Ces molécules, découvertes en 1958 par Jean Dausset (Prix Nobel 1980) jouent en effet un
rôle clé dans les réponses immunes. D’autres arguments sont l’observation d’une
augmentation importante des cellules immunitaires dans l’épithélium intestinal par Anne
Ferguson en 1975, puis la mise en évidence d’anticorps dans le sérum contre le gluten
(anticorps anti-gliadines) puis contre une protéine endogène (anticorps anti-endomysium) au
début des années 1980.
C’est néanmoins seulement en 1997 que les travaux de Detlef Schuppan permettent
d’identifier la cible tissulaire reconnue par les anticorps anti-endomysium avec la
transglutaminase, démontrant qu’il s’agit d’une réponse auto-immune et autorisant la
production d’un nouveau test sérologique très spécifique. Le dépistage des anticorps anti-
endomysium ou anti-transglutaminase dans le sérum dans différentes populations conduit
alors de façon inattendue à détecter la maladie cœliaque chez de nombreux sujets
présentant peu, voire pas de symptômes ou des symptômes atypiques. Ces tests révèlent aussi
l’apparition possible de la maladie à tous les âges de la vie, comme cela avait été suggéré par
Arateus. La description clinique de la maladie change radicalement et la maladie cœliaque
devient un diagnostic à considérer par les gastro-entérologues de patients adultes mais aussi
par d’autres spécialistes.
Une étape importante dans la compréhension du mécanisme de la maladie cœliaque est
franchie en 1990 grâce aux travaux de Ludvig Sollid, qui identifie la molécule HLA-DQ2
comme le principal facteur génétique conférant le risque de développer la maladie. Ce
médecin chercheur montre ensuite en 1994 comment cette molécule HLA-DQ2, présente chez
90% des patients, peut accommoder les peptides du gluten et activer le système immunitaire.
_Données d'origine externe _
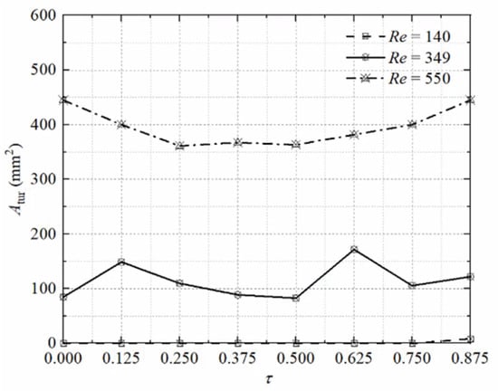 To evaluate the area affected by the turbulence, we calculated the area encompassed by the contour line of TIyz = 0.05 at different phases as Atur,yz. As can be seen in Figure 16, Atur,yz is close to 0 at a low Reynolds number (Re = 140). As the Reynolds number increases to Re = 349, the Atur,y is alleviated, ranging from 80 mm2 to 170 mm2. At Re = 550, the Atur,y is further increased by almost 2 to 3 times.
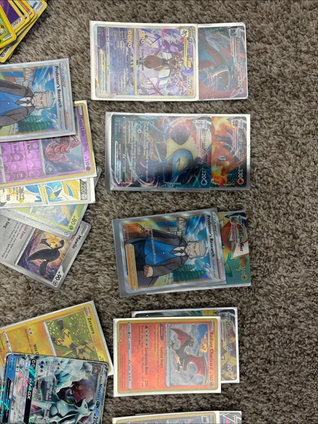 A collection of Pokemon cards, with many holographic and rare cards. Would make a wonderful gift. I hope you enjoy these cards as much as I have.
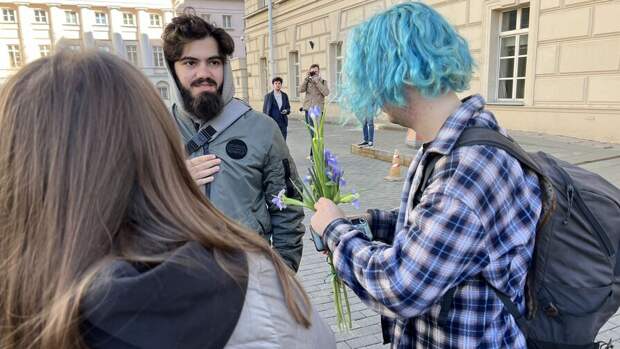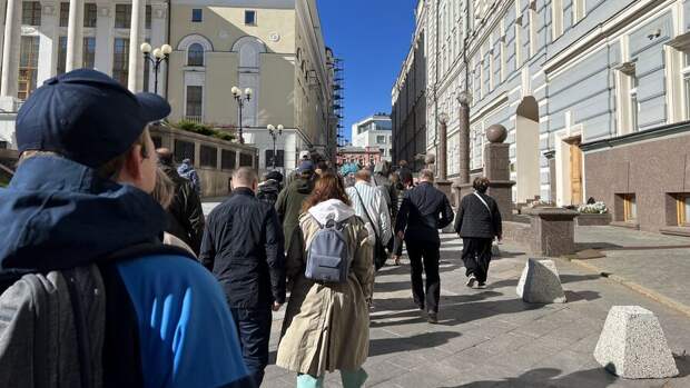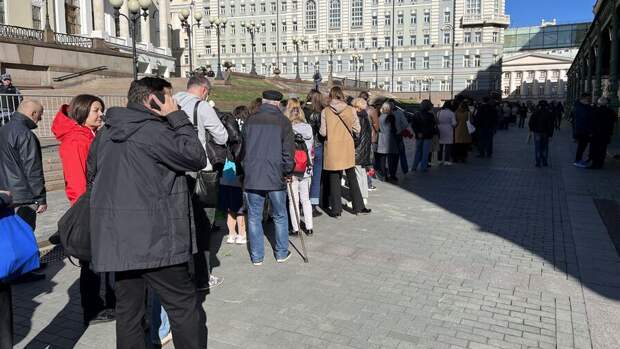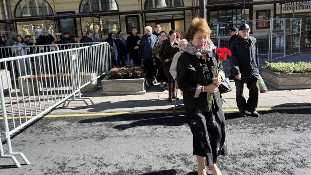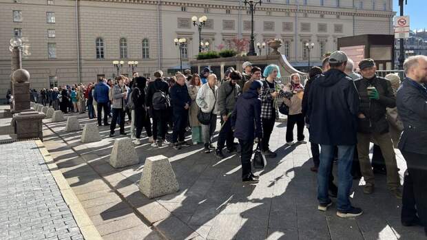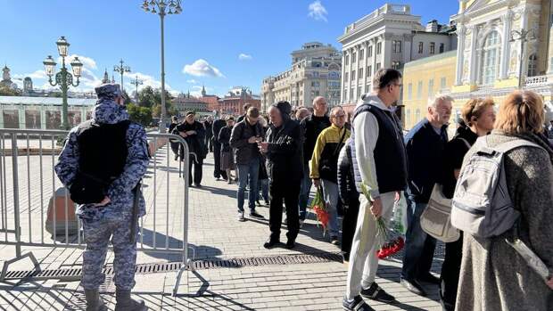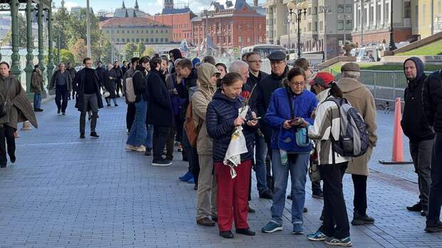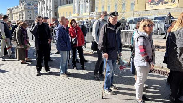 С самого утра люди, желающие отдать дань памяти Горбачеву, стояли в очереди рядом с Большим театром и у Камергерского переулка. Они держали в руках цветы, некоторые надели траурные ленты.
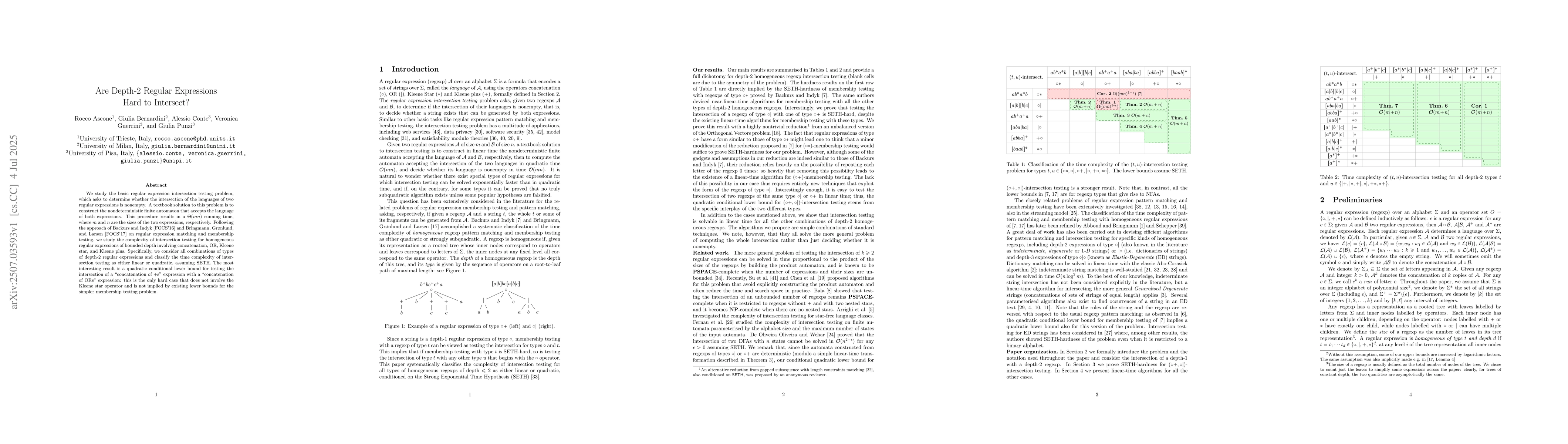We study the basic regular expression intersection testing problem, which asks to determine whether the intersection of the languages of two regular expressions is nonempty. A textbook solution to this problem is to construct the nondeterministic finite automaton that accepts the language of both expressions. This procedure results in a $\Theta(mn)$ running time, where $m$ and $n$ are the sizes of the two expressions, respectively. Following the approach of Backurs and Indyk [FOCS'16] and Bringmann, Gr{\o}nlund, and Larsen [FOCS'17] on regular expression matching and membership testing, we study the complexity of intersection testing for homogeneous regular expressions of bounded depth involving concatenation, OR, Kleene star, and Kleene plus. Specifically, we consider all combinations of types of depth-2 regular expressions and classify the time complexity of intersection testing as either linear or quadratic, assuming SETH. The most interesting result is a quadratic conditional lower bound for testing the intersection of a ''concatenation of +s'' expression with a ''concatenation of ORs'' expression: this is the only hard case that does not involve the Kleene star operator and is not implied by existing lower bounds for the simpler membership testing problem.

Ces travaux sont confirmés et complétés par ceux d’autres chercheurs, notamment de Fritz
Koning, qui montrent le rôle comparable de la molécule HLA-DQ8, une autre molécule HLA
présente chez les 10% de sujets cœliaques qui n’ont pas la molécule HLA-DQ2. Ces chercheurs
montrent aussi comment la transglutaminase reconnue par les auto-anticorps caractéristiques
de la maladie, peut modifier les peptides du gluten pour promouvoir leurs interactions avec
les molécules HLA-DQ2 ou DQ8 et ainsi favoriser l’activation du système immunitaire.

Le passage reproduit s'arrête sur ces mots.